Both Production Engineering and all the product development teams share responsibility for the ongoing operation of our end user applications. This means all technical roles share monitoring and incident response, with escalation happening laterally to bring in any skill set required to restore service in case of problems.


Initial architecture and stack

In 2004, Shopify’s CEO and founder, Tobi Lütke, was building out an e-commerce store for snowboarding products. Unsatisfied with the existing e-commerce products on the market, Tobi decided to build his own SaaS platform using Ruby on Rails.

At that time, Rails wasn't even 1.0 yet, and the only version of the framework was exchanged as a .zip archive by email. Tobi joined Rails creator David Heinemeier Hansson (DHH) and started contributing to Ruby on Rails while building Shopify.

Shopify is now one of the world's largest and oldest Rails apps. It’s never been rewritten and still uses the original codebase, though it has matured considerably over the past decade. All of Tobi’s original commits are still in the version control history.

The bet on Rails greatly shaped how we think at Shopify and empowered us to deliver product as fast as possible. While there are parts of the framework that sometimes make it harder to scale (e.g. ActiveRecord callbacks and code organization), many of us tend to agree with Tobi that Rails is what allowed Shopify to move from a garage startup to a public company.

The core Shopify app has remained a Rails monolith, but we also have hundreds of other Rails apps across the organization. These are not microservices, but domain-specific apps: Shipping (talks with various shipping providers), Identity (single sign on across all Shopify stores), and App Store to name a few. Managing a hundred apps and keeping them up to date with security updates can be tough, so we've developed ServicesDB, an internal app that keeps track of all production services and helps developers to make sure that they don't miss anything important.

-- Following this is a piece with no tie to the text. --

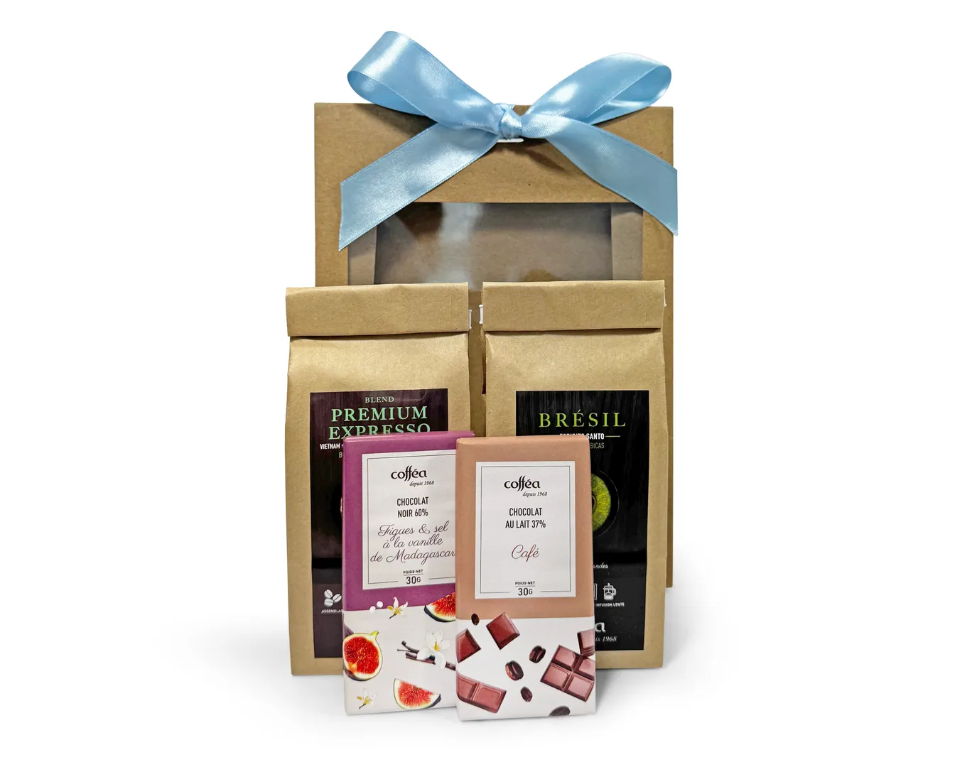 Le blend Premium Expresso offre sa puissance équilibrée, tandis que le Brésil Espirito Santo dévoile ses notes douces et généreuses. Pour sublimer l'instant, deux mini tablettes de chocolat, café au lait onctueux et figue-sel à la vanille de Madagascar, créent des accords parfaits avec chaque tasse.
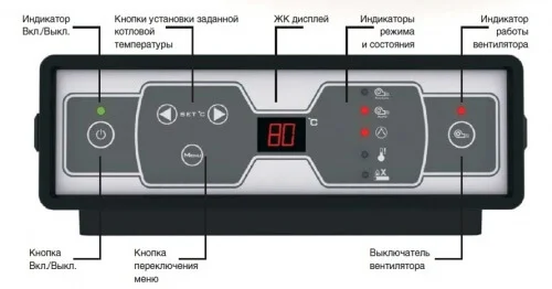 • Електронне керування: Інтегрована електронна панель з модулюючим вентилятором автоматично регулює подачу первинного та вторинного повітря, температуру теплоносія та роботу циркуляційного насоса, забезпечуючи оптимальні режими горіння та зручність експлуатації.

ServicesDB ServicesDB in Action


ServicesDB keeps a checklist for each app: ownership, uptime, logs, on-call rotation, exception reporting, and gem security updates. If there are problems with any of those, ServicesDB opens a GitHub issue and pings owners of the app to ask them to address it. ServicesDB also makes it easy to query the infrastructure and answer questions like, “How many apps are on Rails 4.2? How many apps are using an outdated version of gem X? Which apps are calling this service?”.


Our current stack

As is common in the Rails stack, since the very beginning, we've stayed with MySQL as a relational database, memcached for key/value storage and Redis for queues and background jobs.


Shopify Rails Stack


In 2014, we could no longer store all our data in a single MySQL instance - even by buying better hardware. We decided to use sharding and split all of Shopify into dozens of database partitions.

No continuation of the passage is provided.